In conclusion, the Escort was a genuine contender, a more “overtly sporting machine and terrific fun”, “but it’s not quite a GTi beater – yet”.

Like our illustration of the VW Golf GTi at the beginning of the article?

Download a free high-quality poster version here.

The Golf, meanwhile, was “solidly made, rivettingly fast, and so superbly refined in virtually everything it does”.

“To drive, the car is a gem; inside and out, its standard of finish is exemplary – and the 1.8 engine is almost perfection itself,” reported the magazine.

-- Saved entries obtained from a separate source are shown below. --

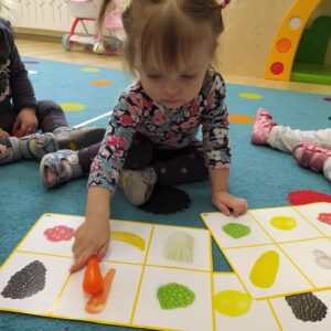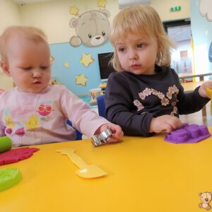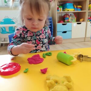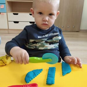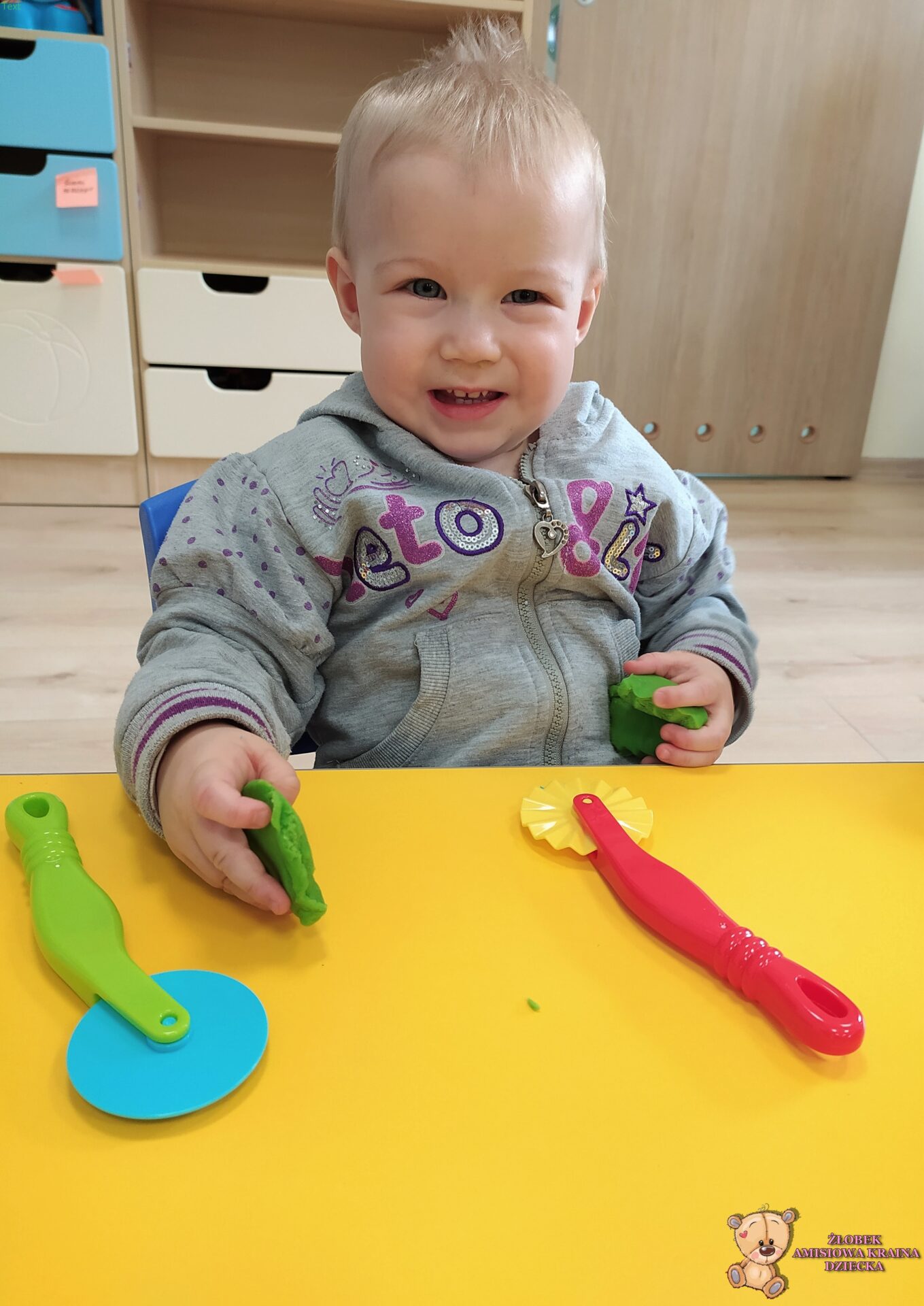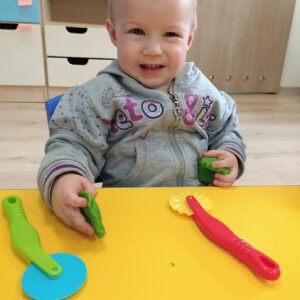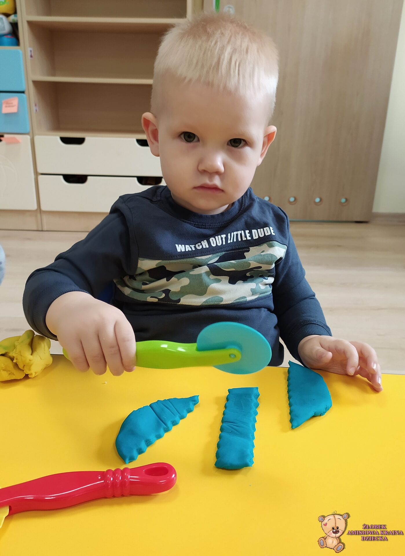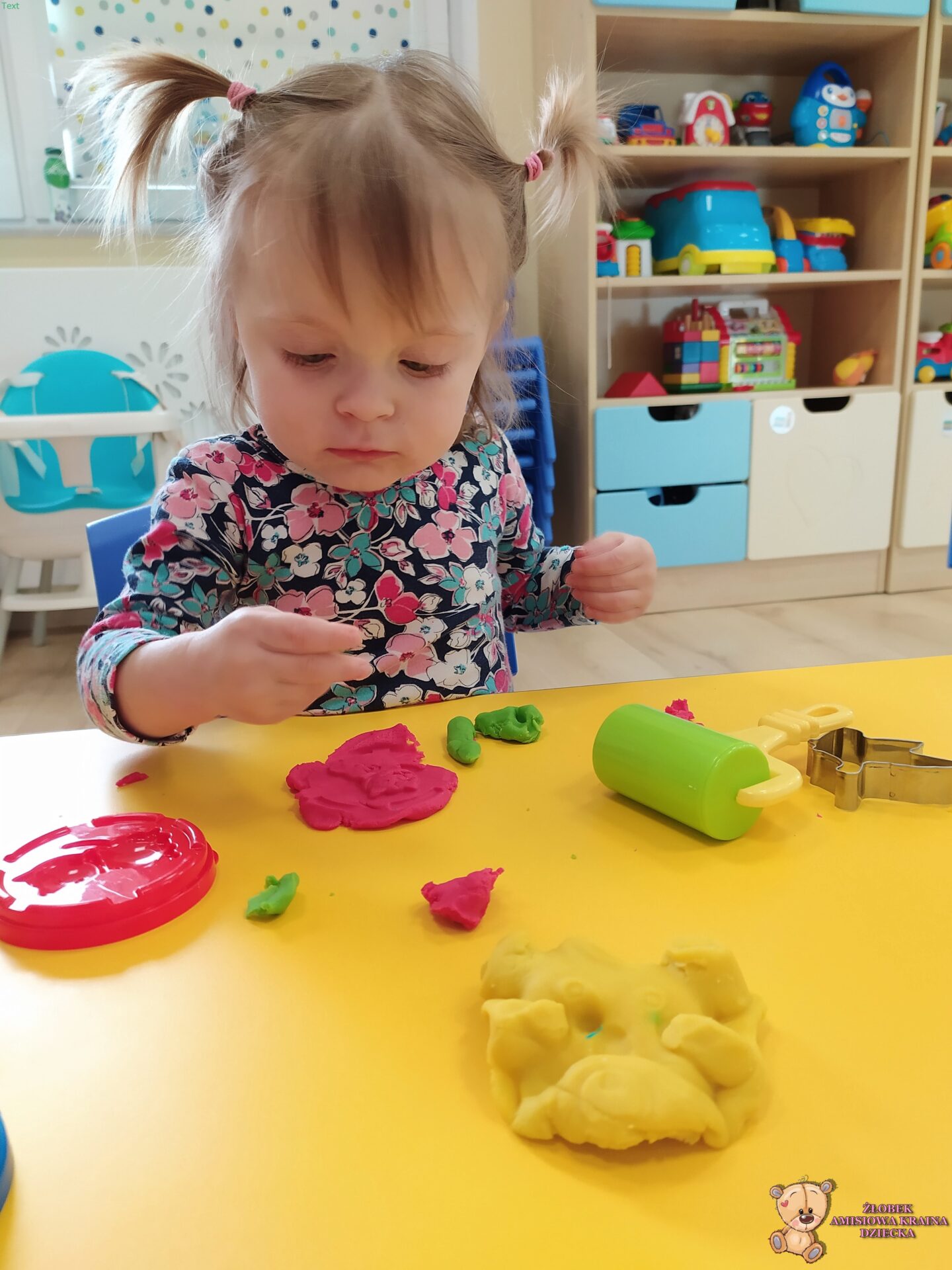 W dniu dzisiejszym najmłodsza grupa Amisiaków, czyli grupa motylków, uczyła się i rozwijała swoje zdolności plastyczne podczas zabawy z ciastoliną.
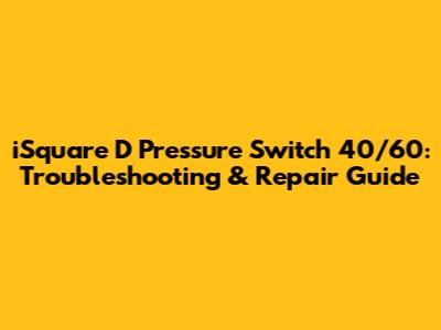 Hey there, DIY enthusiasts and anyone else who's dealing with a wonky pressure switch! Let's dive into the iSquare D Pressure Switch 40/60 and figure out how to troubleshoot and fix it. This guide is your go-to resource for understanding how this essential piece of equipment works, identifying common problems, and getting your water pressure back on track. We'll break down everything in a way that's easy to understand, even if you're not a seasoned pro. So, grab your tools and let's get started!
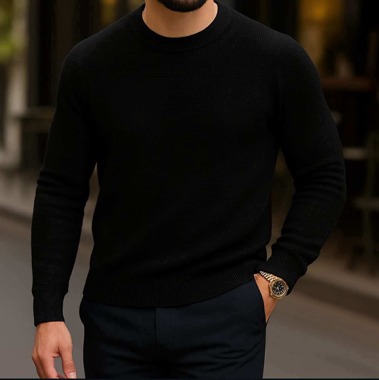 Kjo pulovër e zezë elegante është një zgjedhje e përjetshme për çdo garderobë mashkullore. Materiali cilësor siguron butësi dhe rehati, ndërsa dizajni minimalist me jakë rrethore dhe mëngë të gjata i jep një pamje moderne dhe të rafinuar.
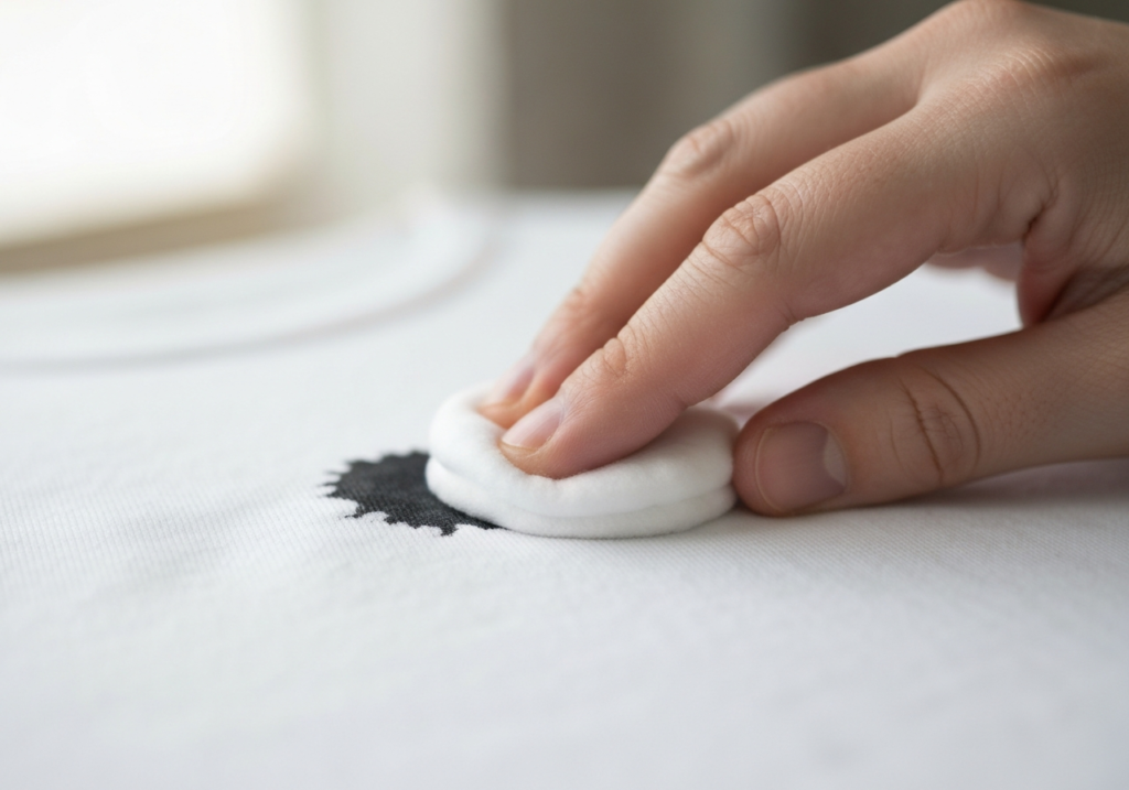 Start by blotting the stain with rubbing alcohol or hand sanitizer (which contains alcohol). Apply a small amount to a cotton ball and gently press it onto the ink stain. Once the ink begins to lift, rinse the area with cold water. Repeat the process until the stain is gone, then wash as usual.
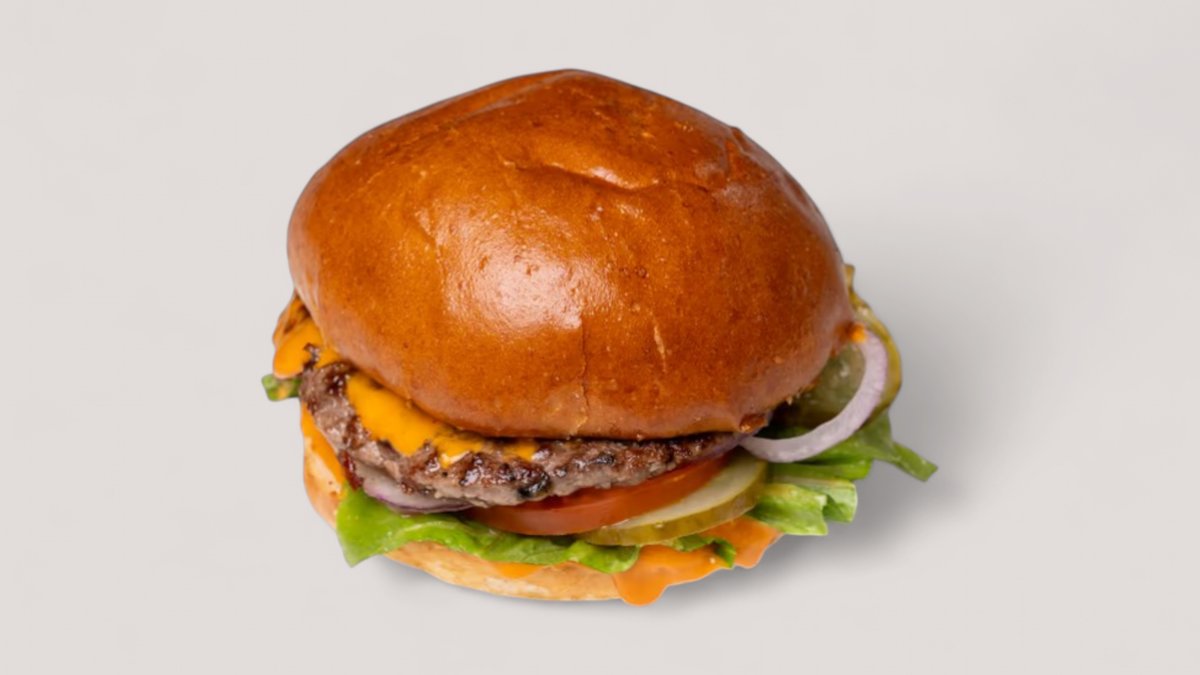 mit Cheddar, Salat, Tomaten, grillen Zwiebeln, Sauergurken und Burgersoße
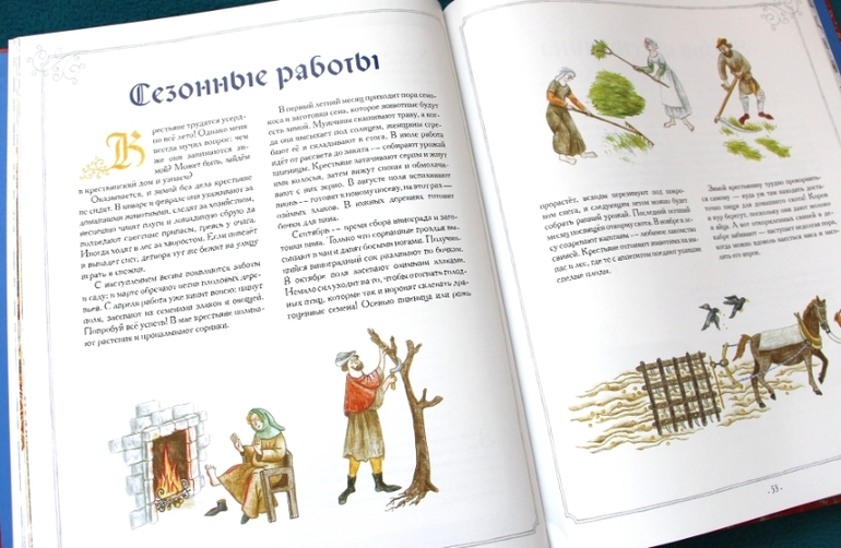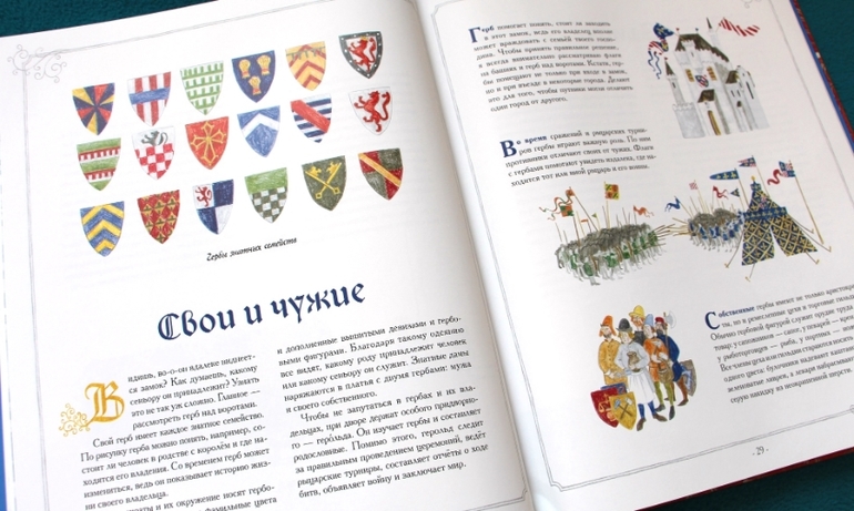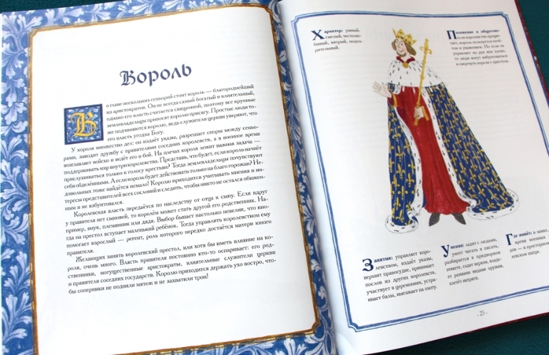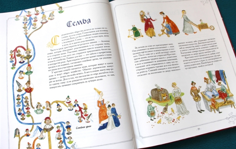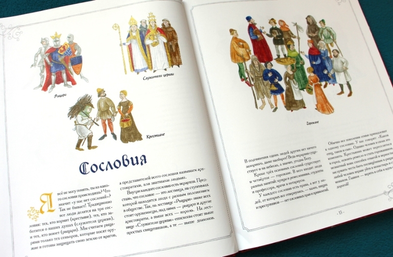 Я прочла с десяток глав (глава на разворот) - никаких дат, имен, читается как сказка. И каждая сказка раскрывает какое то понятие в рамках средневековья - король, менестрель, крестьянин, жизнь крестьянина, город, городская жизнь, аристократы, сословия, врачевание, купец - всего 45 понятий. Такое интересное погружение в средневековье без груза исторических личностей.

The only complaints were relatively heavy steering, the lack of the Escort’s “get up and go” character, and an ageing bodyshell. What they didn’t know was that the styling arguably never got any better than the mark I cabriolet.

By 1988, the XR3i convertible had replaced the 1.6i, the Astra GTE had its own topless model, and the exciting Peugeot 205 CTi had thrown down a new challenge to the ageing Golf.

The Golf was now wearing a new “Clipper” bodyshell, with moulded bumpers, integrated front and rear spoilers, plus a side skirt and wheel arch extensions.

VW Golf GTi Cabriolet

All bar the Peugeot could be seen off with ease. In a group test in CAR magazine, the Golf won everywhere apart from in the “fun factor”, with the “lightweight, flimsy quality” of the CTi not enough to prevent it from nabbing top spot.

Never mind the quality, feel the fun.

The mark I cabriolet shape continued for another five years, with an optional power hood introduced in 1990 and a variety of special editions tiding the cabriolet over until the new mark III finally ended the “classic shape” Golf once and for all.

The Golf GTi was an instant hit and a sure-fire future classic when it was launched, and now it’s regarded as a bona-fide legend and one of the best, and most significant, cars ever made.

These days, cars range in price from £3,000 for a runner up to £25,000 for a mint condition car.